Resistance training is not the end all be all of fitness. It’s only one aspect, but it serves as a foundation. In other words, if a person is unaccustomed to physical activity, but wants to start and exercise program, they shouldn’t start jogging, nor should they start doing any type of interval training at high or even moderate intensities. They should start with weights. Lifting weights, or resistance training, strengthens you muscles, ligaments, and tendons, which will prepare your body for the various forms of stress it will undergo during other forms of exercise.

Resistance training (RT) works for everyone. Age is irrelevant. What matters is commitment, consistency, and a personal trainer who views each client as unique and has the ability to customize training programs to meet each client’s unique needs. I begin with my clients where they are and map out a program that guarantees success. RT is not a quick fix approach, but rather a lifetime approach. It is, in my estimation, essential to maintain personal fitness and good health as you age.

The one piece of advise I give to my clients and am now passing on to my readers is that whatever method of fitness a client decides upon, it has to be something that he or she can do for the rest of his/her life. Most people cannot do high impact exercise or high intensity interval training (HIIT) as a way of maintaining health for a lifetime. Some people cannot maintain an “insanity” approach as a lifestyle, but EVERYONE can do RT for the rest of his or her life. An investment in RT is an investment in yourself and your health.

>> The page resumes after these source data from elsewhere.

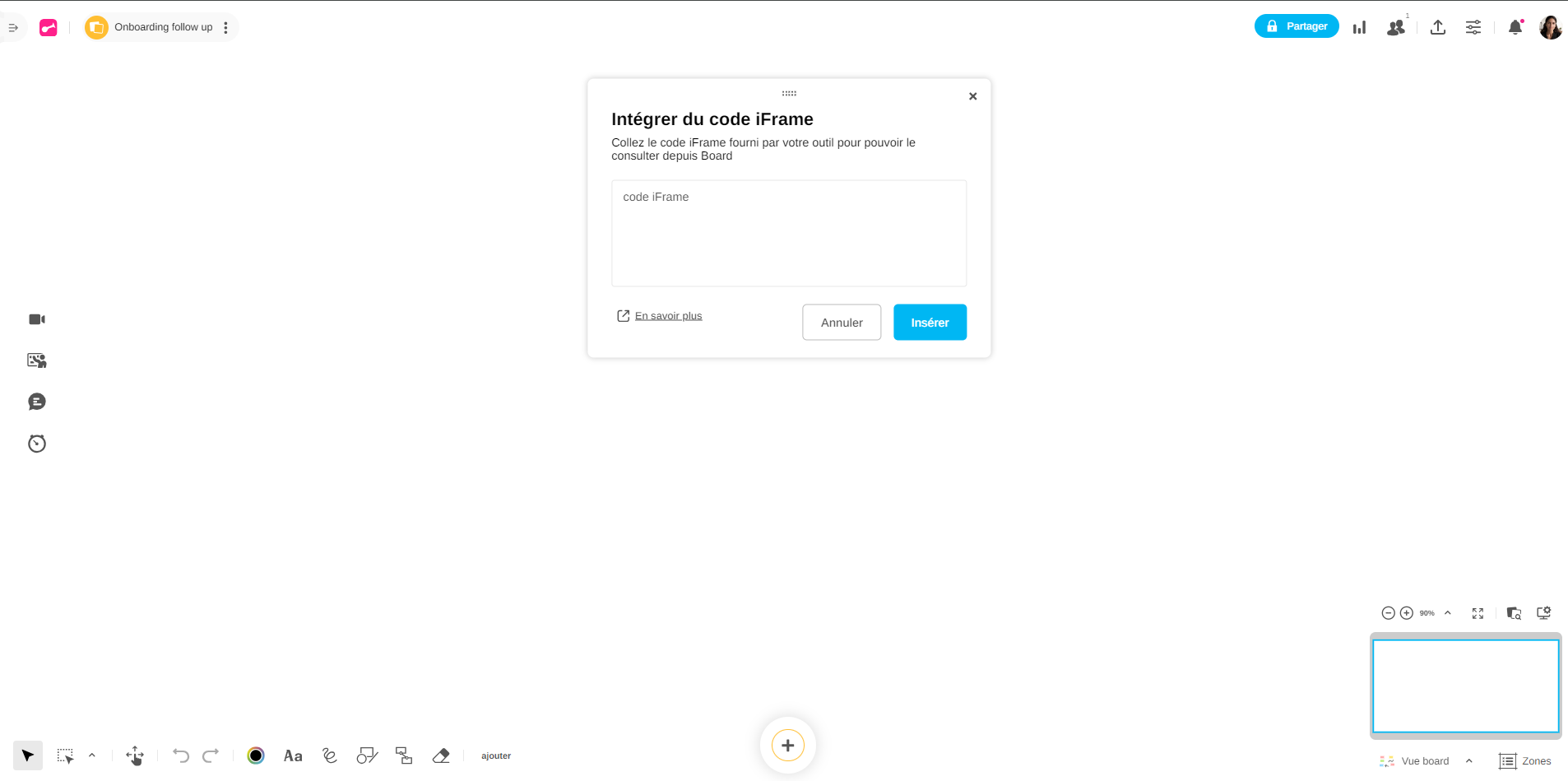 Dorénavant, vous pourrez intégrer du code iFrame dans votre Board afin d'ouvrir et de consulter différents types de page et de document. Avec cette nouvelle fonctionnalité de Board, gagnez en efficacité et en fluidité ! Plus besoin de jongler entre les pages, toutes vos ressources sont désormais accessibles en un seul endroit.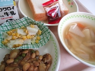 公開日 2025年09月11日 9月11日(木)の給食 パン 牛乳 いちごジャム とり肉と大豆のカレー煮 コーンサラダ ラビオリスープ とり肉と大豆のカレー煮は野菜をよく煮込んで作りました。 カレー味が好評のようでした♪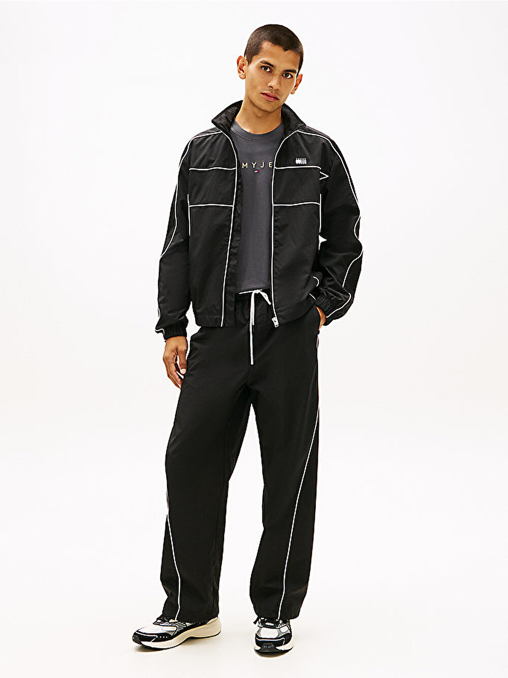 Suya ve rüzgâra dayanıklı kumaştan üretilen bu fermuarlı ceket, arka kısmındaki logo ve kontrast biyeleriyle dinamik bir görünüm kazandırır.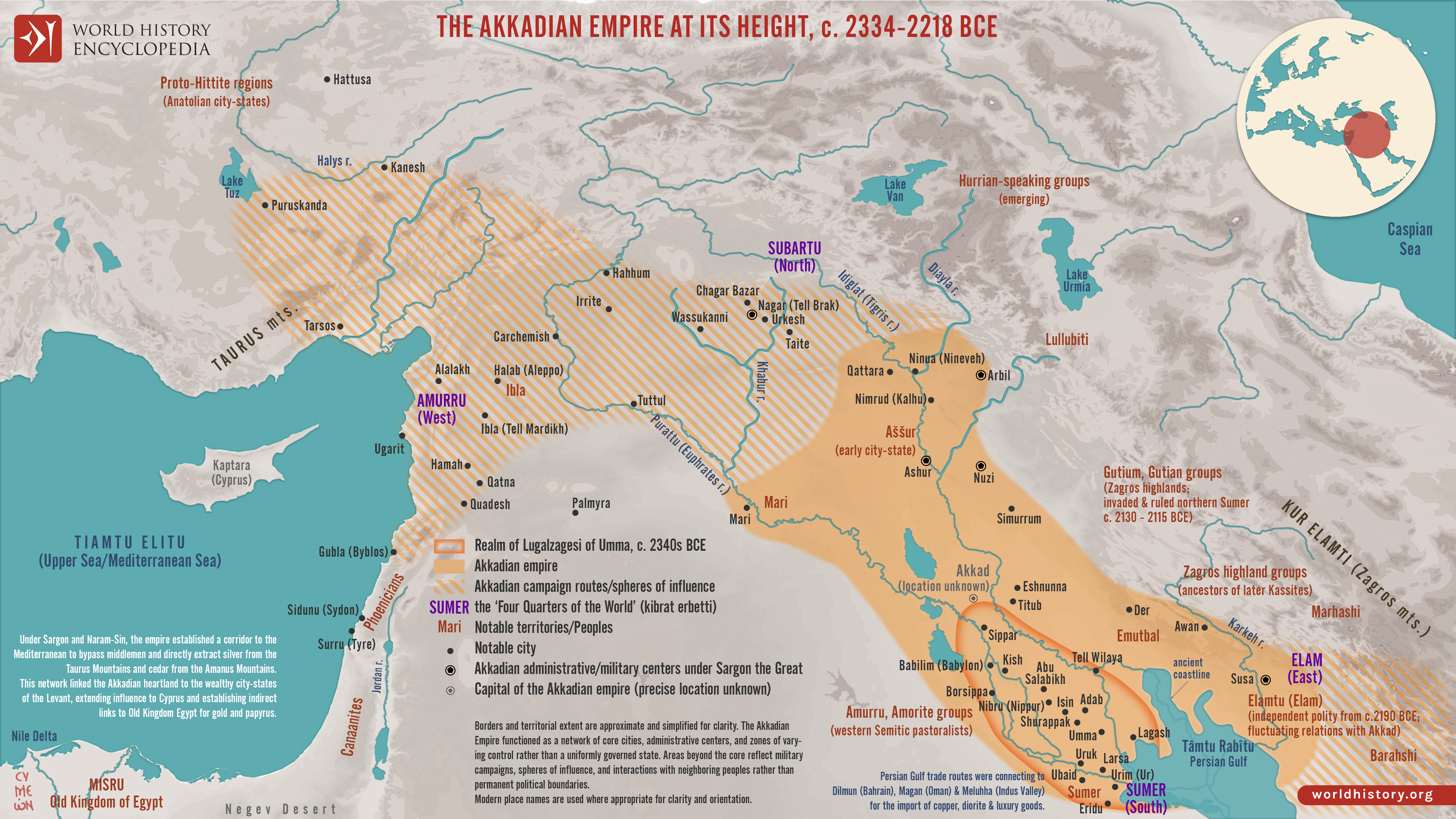 Netchev, Simeon. "Map of the Akkadian Empire at Its Height: Ruling the Four Quarters of the World." World History Encyclopedia, 02 Apr 2026, https://www.worldhistory.org/image/15457/map-of-the-akkadian-empire-at-its-height/.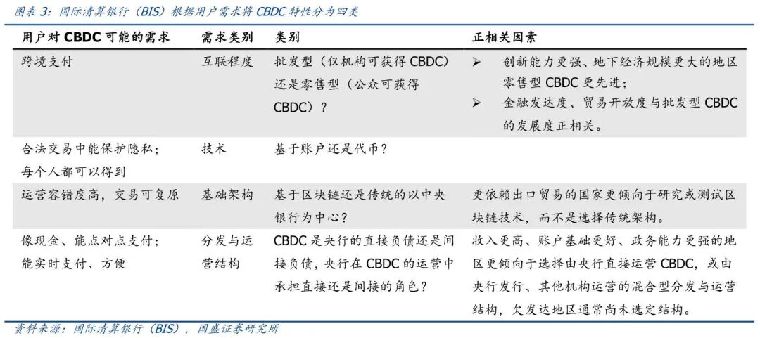 国际清算银行(BIS)根据用户对法币的需求将CBDC的特性分为四类: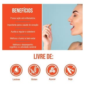 Validade longa: mínimo de 1 ano e 6 meses Produto selado com lacre de segurança Estudos observaram que os esquimós que viviam na groenlândia apresentavam índice muito baixo de doenças que são comuns em países ocidentais, doenças do coração, diabetes, asma entre outras, e perceberam que os esquimós consumiam uma grande quantidade de peixes, esse consumo foi associado a uma quantidade de ácidos graxos poliinsaturados como o ômega 3 . Os lipídios, principalmente ácidos graxos, são encontrados em diversas formas de vida e são muito importantes para nossas membranas celulares, e para várias funções do organismo. O ômega 3 é uma família de diferentes tipos de ácidos graxos que são considerados essenciais, ou seja, nosso corpo não é capaz de produzir sozinho. A família do ômega 3 contempla 3 ácidos graxos. Oácido eicosapentaenóico tem uma ação anti inflamatória, importante para saúde do coração e circulação, diminuindo a chance de coágulos e diminuindo a chance de trombose, avc e outras doenças de caráter inflamatório. O ácido docosaexaenoico, é importante para a saúde do nosso cérebro, e para o desenvolvimento fetal, da retina dos olhos, ajuda na memória, cognição, raciocínio, imaginação, e vários fatores relacionados à saúde da mente.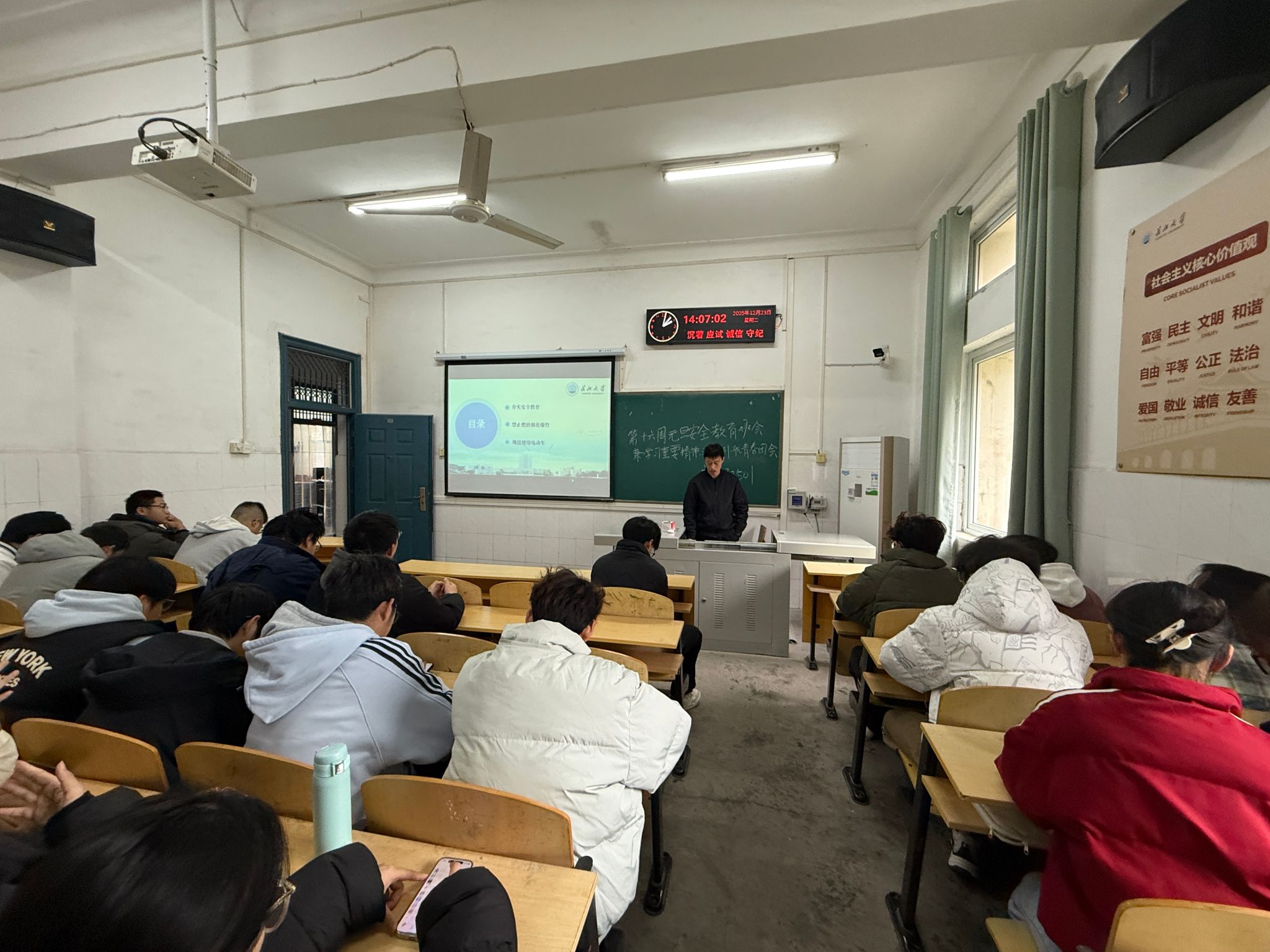 随着元旦佳节临近,为切实强化研究生安全防范意识,保障全体学子度过一个安全、欢乐、祥和的假期,12月24日起,太阳集团122cc以班级为单位,组织本科生、研究生各班开展系列元旦前后安全教育主题班会。

There are a few people who can work alone and be methodical and successful, but I find in my experience that most people need a personal trainer for commitment, consistency, and sustainability. My goal for all my clients is to help them attain, maintain, and sustain.

How I work:

· My fees are reasonable, and I reserve the right to be compensated up front.

· Clients are responsible to be available for scheduled sessions. A client may cancel a session with 24 hours notice and MUST reschedule within a week or he or she forfeits the fee. Special accommodations are always made in circumstances over which the client lacks control.

· The client must have space available for IHT (In-Home Training).

· I make every session count so that your money works continually for you.

· I employ the principles of RT using the progressive overload model so that the client is always developing muscle strength, raising metabolism and increasing fat burning capacity.

· I recommend at least two sessions weekly. Three sessions are ideal. However, a client may combine his or her own personal workout sessions with personal training sessions.

RT works as evidenced by the results of a client (age 60+) with whom I have worked for one year. Prior to RT, my senior client had been diagnosed with osteoporosis and osteopenia of the spine.

The client decided to continue calcium supplements, declined medication, and started RT in August of 2012. The client’s 2013 DEXA SCAN showed a 3% increase in BMD (bone mineral density). I worked with this client twice a week for one year. RT WORKS! It takes commitment, consistency, and a skilled personal trainer. Results are guaranteed.